By Miscellaneous | Film | May 12, 2006 |

Words fail me. I cannot possibly express in print just how bad a movie The Cookout is. I can say that I hardly ever laughed, that I left the theater feeling cheaply abused, that the woman in front of me exclaimed, “I wasted my money coming to see this movie!” 10 minutes before it was over, but none of that will capture just how awful it is. Would it help if I mentioned that, though it’s written, produced, and directed primarily by black filmmakers, it depicts almost every black character as greedy, spendthrift, lazy, and ill-mannered while the few white characters are depicted as intelligent, mature, and reasonable? Or that, though it was co-written and co-produced by Queen Latifah, both her character and every other black woman in the film, save one, comes off as strident, cruel, and obsessed with latching onto a man’s money and prestige while the male characters are mostly passive Walter Mitty types?

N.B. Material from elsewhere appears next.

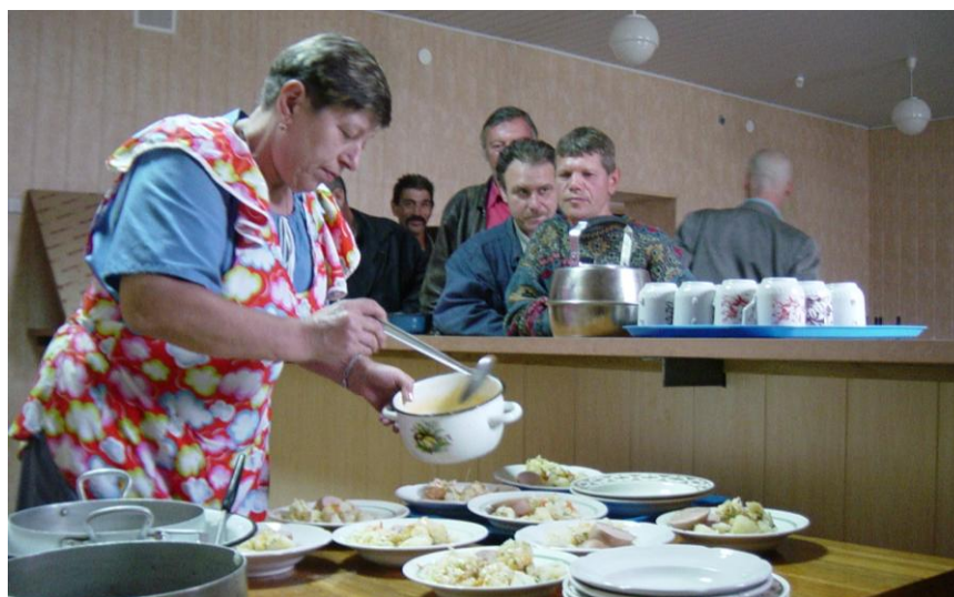
Distribution of meals for the poor & homeless people

Where is all this hateratin’ coming from?

This is the first film from director Lance Rivera, and of the six writers credited variously for their contributions to the story or screenplay, none have any former writing credits. This should come as no surprise, as the structure of the film is a mess. Five minutes in, the central characters (Storm P as basketball star Todd Anderson, and Jenifer Lewis and Frankie Faison as his parents) announce in unison, “We’re having a family cookout!” and the audience is primed to cut straight to the cookout, or at least the day of; instead we watch for another 35 minutes as pointless subplots and nattering bits of unfunny comic business are introduced. Many elements are set up in a way that suggests they’ll be running gags but are then abandoned. Others, sadly, are not. There’s absolutely no reason for the hillbilly cousins, who have no foundation in either reality or the popular imagination (I should think the filmmakers would be happy that the hillbilly — a particularly ugly stereotype, with its associations of incest and Ned-Beatty-rape — is an exclusively white figure). They are profoundly annoying and never amusing, but they just keep popping up.

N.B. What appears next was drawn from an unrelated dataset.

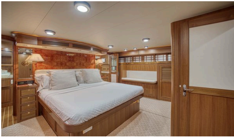
Master Looking Aft

When the cookout finally does arrive, it’s completely drowned out by the action of the various subplots slamming into one another. Didn’t anyone realize that if you call a movie The Cookout you should spend some time showing one? It could have saved the movie a little bit — allowing the audience to see the easy interaction of family and old friends would provide a respite from the noise of the movie’s other elements and allow the audience to connect with the characters. Instead, all they give us is Tim Meadows as the failed lawyer who expounds on cracked racial conspiracy theories and the two obese cousins turning uptight neighbor Danny Glover onto the weed he needs to loosen up his Clarence Thomas act.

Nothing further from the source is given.